The ligands for VDR (1,25(OH)2D3), RXRα (9-cis retinoic acid), LXRα (TO901317) and PPARγ (GW1929) were all purchased from Sigma. The FXR ligand GW474066 was a generous gift of Dr. Stacey Jones, Glaxosmithkline, Research Triangle Park, North Carolina.
Expression plasmids for full length human VDR and RXRα (pSG5hVDR and pSG5hRXRα, respectively) were kindly provided by Prof Mark Haussler, University of Arizona, College of Medicine, Phoenix. The construct pcDNAV5-VDR that encodes human VDR ‘tagged’ with the V5 epitope has been previously described . Expression vectors for human SENP1 (pFLAG-CMV-SENP1) and SENP2 (pFLAG-CMV-SENP2) were a generous gift from Prof. Edward T. H. Yeh of University of Texas M. D. Anderson Cancer Center. ‘Entry’ clones encoding full length human VDR and RXRα, in addition to the ligand binding domains (LBD) of human VDR (aa96–427), hRXRα (aa197–462), LXRα (aa104–447) FXR (aa156–472), and PPARγ (aa166–477) were initially generated via PCR from a human fetal brain cDNA library, followed by insertion of each purified DNA fragment into the pDONR201 vector via ‘BP clonase’ reaction (Invitrogen). Entry clones for SENP1 and 2 were similarly produced using products amplified from their respective expression vectors as template. Gal4-based hybrid expression vectors for each nuclear receptor and SENP evaluated were then obtained through the ‘LR clonase’ reaction using the appropriate entry clone combined with either of the mammalian hybrid expression vectors pCMVBD or pCMVAD (Stratagene, La Jolla, CA), previously modified to be gateway compatible. All constructs were subjected to DNA sequencing to confirm correct identity and reading frame for each gene insert. Vectors expressing Ubc9 and His-tagged SUMO2 have been previously described . The firefly luciferase-based reporter construct pMCS-24OHase contained a 5500 bp fragment of the promoter region from the human vitamin D3 24 hydroxylase (CYP24A1) gene. For experiments based upon the activities of Gal4DBD-nuclear receptor hybrid proteins, the transcriptional responses to cognate ligand were monitored through the luciferase signal generated from the pFLUC reporter (Stratagene) that contains five copies of the Gal4 response element.
Synthesis of point mutations within the pcDNAV5-VDR and Gal4-based expression constructs for VDR was accomplished through the Quikchange XL site-directed mutagenesis system (Agilent Technologies) using the following mutagenic primer pairs;
Transcriptional Activation Assays
Cultured cells were trypsinized at ~80% confluency and then seeded unto a 96-well plate at 1×104 cells/well (for CHO-K1) or a 24-well plate at 2–3×105 cells/well (for all other cell types). All cells were seeded in their standard culture media with the exception of MCF-7 cells where phenol red free DMEM supplemented with 5% charcoal stripped FBS was used (plus L-glutamine and NEAAs). After an incubation period of 24 hours, cells were subsequently transfected with the appropriate combinations of plasmid via Lipofectamine 2000 following a protocol based on manufacturer’s instructions. Reporter activity was measured following lysis of cells in passive lysis buffer (Promega) and recording of chemiluminescent signal through use of the Dual-Glo Luciferase Reporter Assay System (Promega). Transfection data was normalized relative to the luciferase signal produced from the constitutively active renilla vector (pRL-TK) and expressed as a mean of relative light units from triplicate assays ± the standard deviations.
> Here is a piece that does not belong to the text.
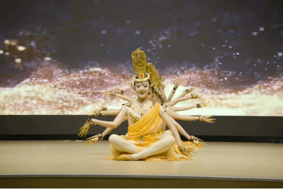 联谊会当晚,西安机车检修段活动现场气氛热烈。伴随着悠远恢弘的乐曲,我院大学生以精湛技艺演绎的《千手观音》率先登场。金碧辉煌的造型、精准默契的配合、慈祥庄严的神韵,瞬间攫取了全场观众的目光。千手依次伸展,如莲花绽放,似光芒普照,不仅展现了舞蹈艺术的精妙绝伦,更传递出和谐共融、大爱无言的深刻内涵,赢得经久不息的掌声。

Protein-protein Interaction Experiments
Association between SENP and VDR or RXRα proteins were assessed through both mammalian two hybrid and GST-pulldown methodologies. Two hybrid experiments were performed using CHO-K1 cells under standard culturing conditions. Co-transfection of CHO-K1 cells with the appropriate bait (SENP) and prey (receptor) fusion constructs, in combination with the reporter pFLUC and pRL-TK internal control, were performed using Lipofectamine 2000 based protocol and reporter activity measured using the Dual-Glo luciferase system as described above. pDEST17 plasmids containing cDNA inserts for either SENP1 or 2 were produced through LR clonase reaction and together with the pSG5hRXRα expression construct, were used as templates in an in vitro transcription/translation (IVTT) reaction (Promega Corp) to generate [35S]-methionine-labeled SENP and hRXRα proteins. GST-hVDR fusion protein, or GST alone, bound to glutathione-coated Sepharose beads were generated as previously described . All beads were then pre-incubated with 10−6 M 1,25D or ethanol vehicle for 1 h at 22°C, followed by incubation with 20 µl of the appropriate radiolabeled IVTT lysate for 1 h at 4°C. The beads were then washed extensively as detailed by Jurutka and co-workers  and the amount of co-precipitated SENPs or hRXRα detected by electrophoresis of denatured bead samples followed by autoradiography.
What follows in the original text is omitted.